Форсированный браконьерский движок развил такую скорость, что встречный поток воздуха, как в аэродинамической трубе, вздыбил мою куртку и захолодил тело. Я повернулся боком по направлению к движению. Воротник куртки хлестнул по щеке, веер брызг пыльцой ложился на голову.
Рев двигателя положил конец всей этой неопределенности, всей этой вялой и затянутой игре, которая довела до скуки обе заинтересованные стороны.
А вот теперь, как говорят шахматисты, сделан сильный и неожиданный ход. Я сижу в хлопающей днищем о воду лодке. За моею спиною огни большого города (непроизвольный плагиат у Чаплина), а перед глазами без единого огонька зубчатый силуэт поймы на фоне более светлого неба, да звезды над деревьями. И стремительный, звериный бросок «Казанки».
Передача денег фактически с этого момента произошла. Это однозначно. А то, что я оказался при этом, в каком-то смысле, не вполне отделим от дипломата (он прижат к моей правой ноге), то эта деталь вполне поправима… на их взгляд. А на мой?
На мой взгляд, с меня хватит! Если тот на корме попытается предпринять против меня какие-либо акции (не хотел, но признаюсь: мелькнул в сознании глинистый берег Тамани), то он не застанет меня врасплох. Да нет, скорее всего, он завезет меня в лабиринт озер и заросших камышом ериков поймы, где поджидают его напарники. И куда не так-то просто добраться не то что ночью, но и днем.

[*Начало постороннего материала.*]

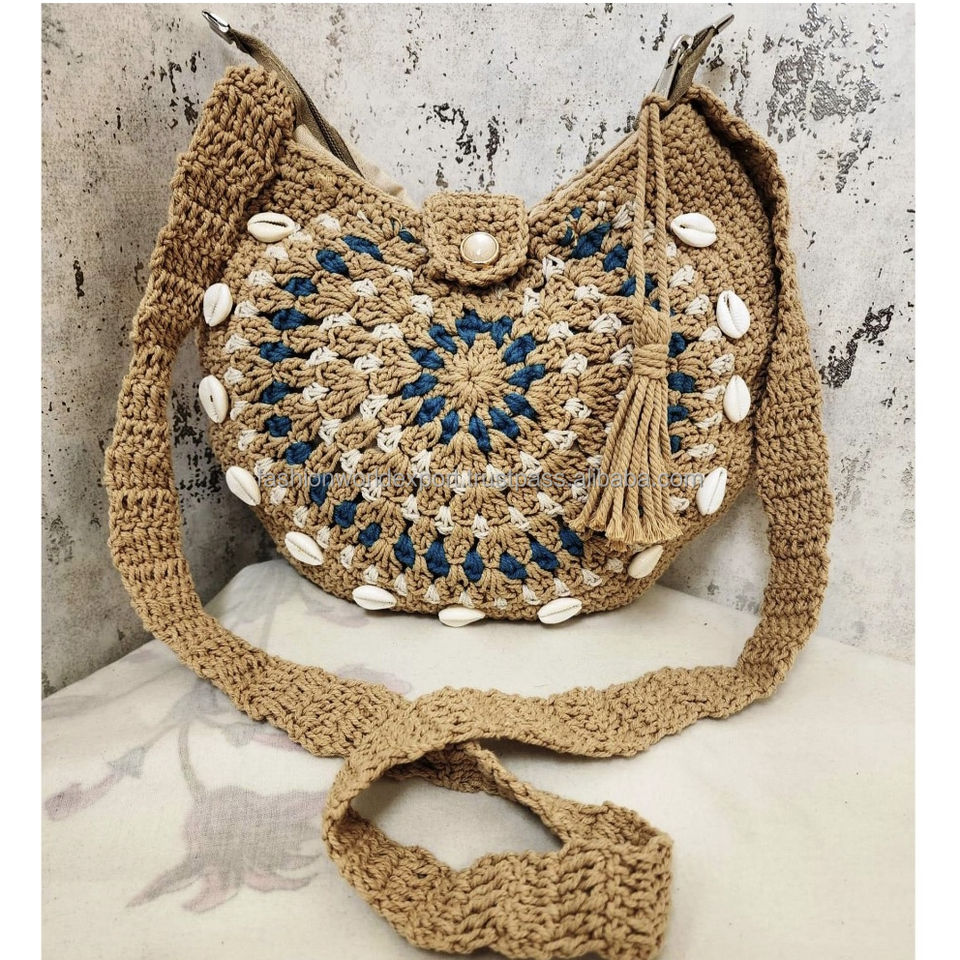กระเป๋าถักไหมพรมทำด้วยมือทำจากใยธรรมชาติมีลายมันดาลาแบบเกลียวและกระเป๋าสะพายไหล่สไตล์โบฮีเมียนทลมพร้อมพู่ตกแต่ง

Но зачем им я? Не думаю, что они сомневаются насчет содержимого дипломата: ведь у них уже есть один заложник и, логически рассуждая, я им не нужен. Ведущий мог бы приказать бросить дипломат в лодку, а самому остаться на дебаркадере. Может быть, он так и хотел сделать, да оговорился? И теперь думает, как бы исправить ошибку… Сбросить меня в воду сложно: тому на корме для этого нужно будет выключить двигатель, иначе неуправляемая лодка начнет выписывать такие кренделя, что на ней не удержаться.
Он и выключил… После рева двигателей наступившая тишина оглушила. Лодка клюнула носом и, казалось, остановилась: в темноте трудно было определить, что ее сносит течением – идеальный случай, подтверждающий принцип относительности Галилея. Но мне в данный момент было наплевать на равноправие инерциальных систем отсчета в классической механике. Я, сжав кулак, отвел правую руку назад, испытывая некоторый комфорт от того, что сидел к источнику угрозы не спиною, а боком – неплохая позиция для нанесения удара.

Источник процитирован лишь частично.